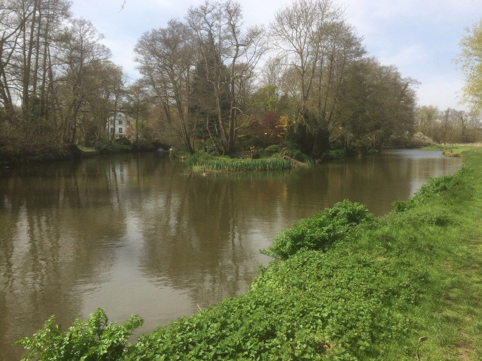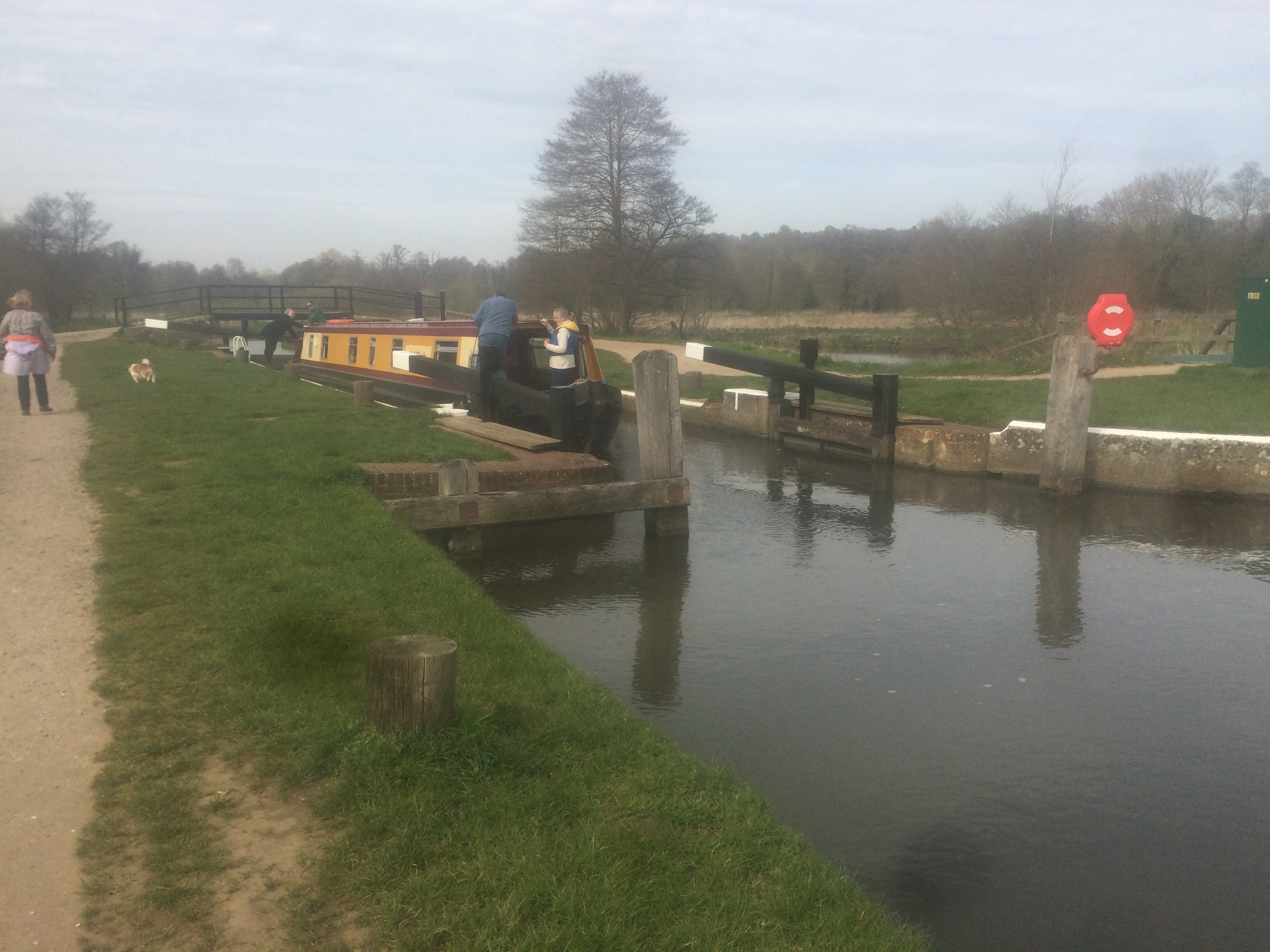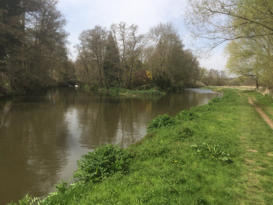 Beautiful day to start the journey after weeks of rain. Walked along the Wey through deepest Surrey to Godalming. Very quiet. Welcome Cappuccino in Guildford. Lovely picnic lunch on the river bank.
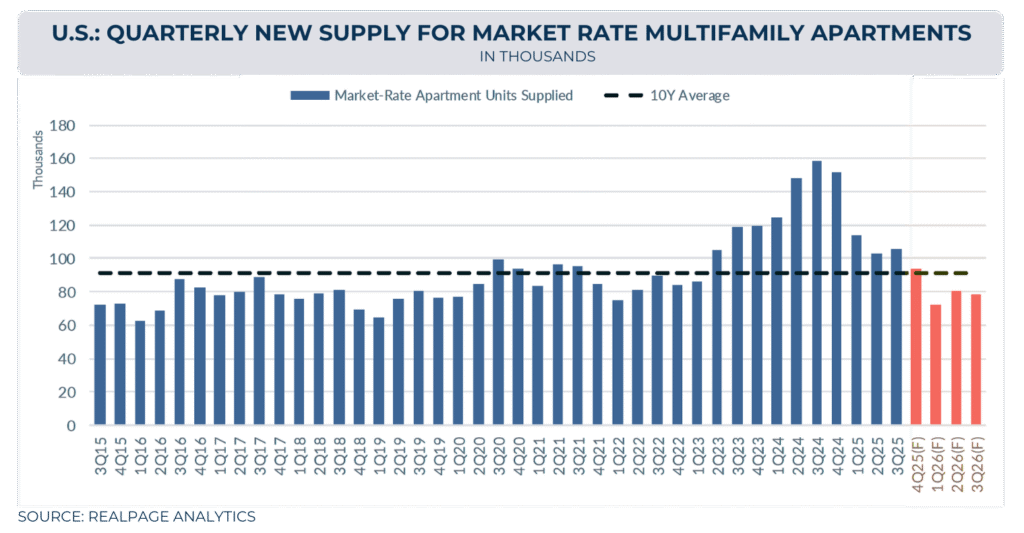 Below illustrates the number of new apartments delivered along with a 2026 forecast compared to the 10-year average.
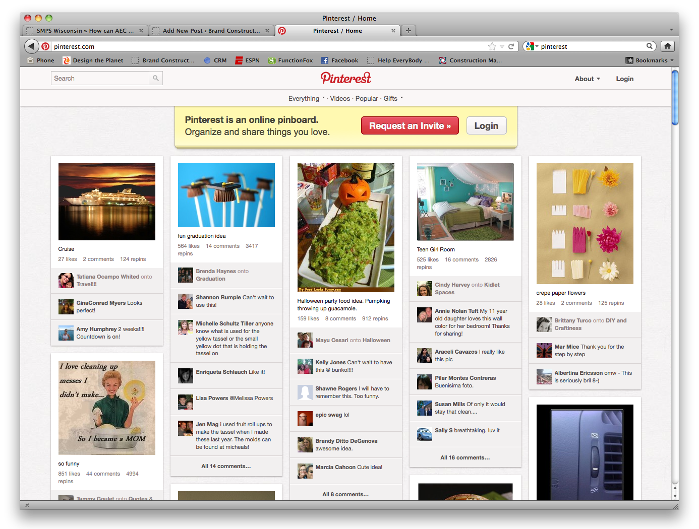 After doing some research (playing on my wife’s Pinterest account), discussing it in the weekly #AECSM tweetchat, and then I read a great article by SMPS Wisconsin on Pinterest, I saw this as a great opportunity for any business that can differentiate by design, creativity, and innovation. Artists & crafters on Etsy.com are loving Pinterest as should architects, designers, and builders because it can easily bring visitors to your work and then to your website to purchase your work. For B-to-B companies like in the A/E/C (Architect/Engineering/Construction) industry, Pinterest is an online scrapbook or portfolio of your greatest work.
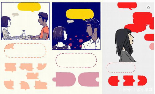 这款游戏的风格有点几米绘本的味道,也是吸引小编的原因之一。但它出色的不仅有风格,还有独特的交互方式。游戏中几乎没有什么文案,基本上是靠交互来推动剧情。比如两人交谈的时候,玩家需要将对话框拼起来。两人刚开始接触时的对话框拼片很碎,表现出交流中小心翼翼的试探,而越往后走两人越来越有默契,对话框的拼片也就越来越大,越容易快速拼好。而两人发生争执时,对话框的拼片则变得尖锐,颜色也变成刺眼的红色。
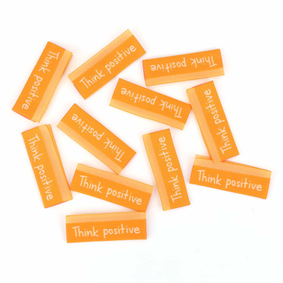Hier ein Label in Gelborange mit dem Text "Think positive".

= = = = =

__TASK ITEM__: Only the text of the material belongs in your copy, which must match the original exactly.

__RESULT OF THIS EXERCISE__:
 Beautiful day to start the journey after weeks of rain. Walked along the Wey through deepest Surrey to Godalming. Very quiet. Welcome Cappuccino in Guildford. Lovely picnic lunch on the river bank.
 Below illustrates the number of new apartments delivered along with a 2026 forecast compared to the 10-year average.
 After doing some research (playing on my wife’s Pinterest account), discussing it in the weekly #AECSM tweetchat, and then I read a great article by SMPS Wisconsin on Pinterest, I saw this as a great opportunity for any business that can differentiate by design, creativity, and innovation. Artists & crafters on Etsy.com are loving Pinterest as should architects, designers, and builders because it can easily bring visitors to your work and then to your website to purchase your work. For B-to-B companies like in the A/E/C (Architect/Engineering/Construction) industry, Pinterest is an online scrapbook or portfolio of your greatest work.
 这款游戏的风格有点几米绘本的味道,也是吸引小编的原因之一。但它出色的不仅有风格,还有独特的交互方式。游戏中几乎没有什么文案,基本上是靠交互来推动剧情。比如两人交谈的时候,玩家需要将对话框拼起来。两人刚开始接触时的对话框拼片很碎,表现出交流中小心翼翼的试探,而越往后走两人越来越有默契,对话框的拼片也就越来越大,越容易快速拼好。而两人发生争执时,对话框的拼片则变得尖锐,颜色也变成刺眼的红色。
Hier ein Label in Gelborange mit dem Text "Think positive".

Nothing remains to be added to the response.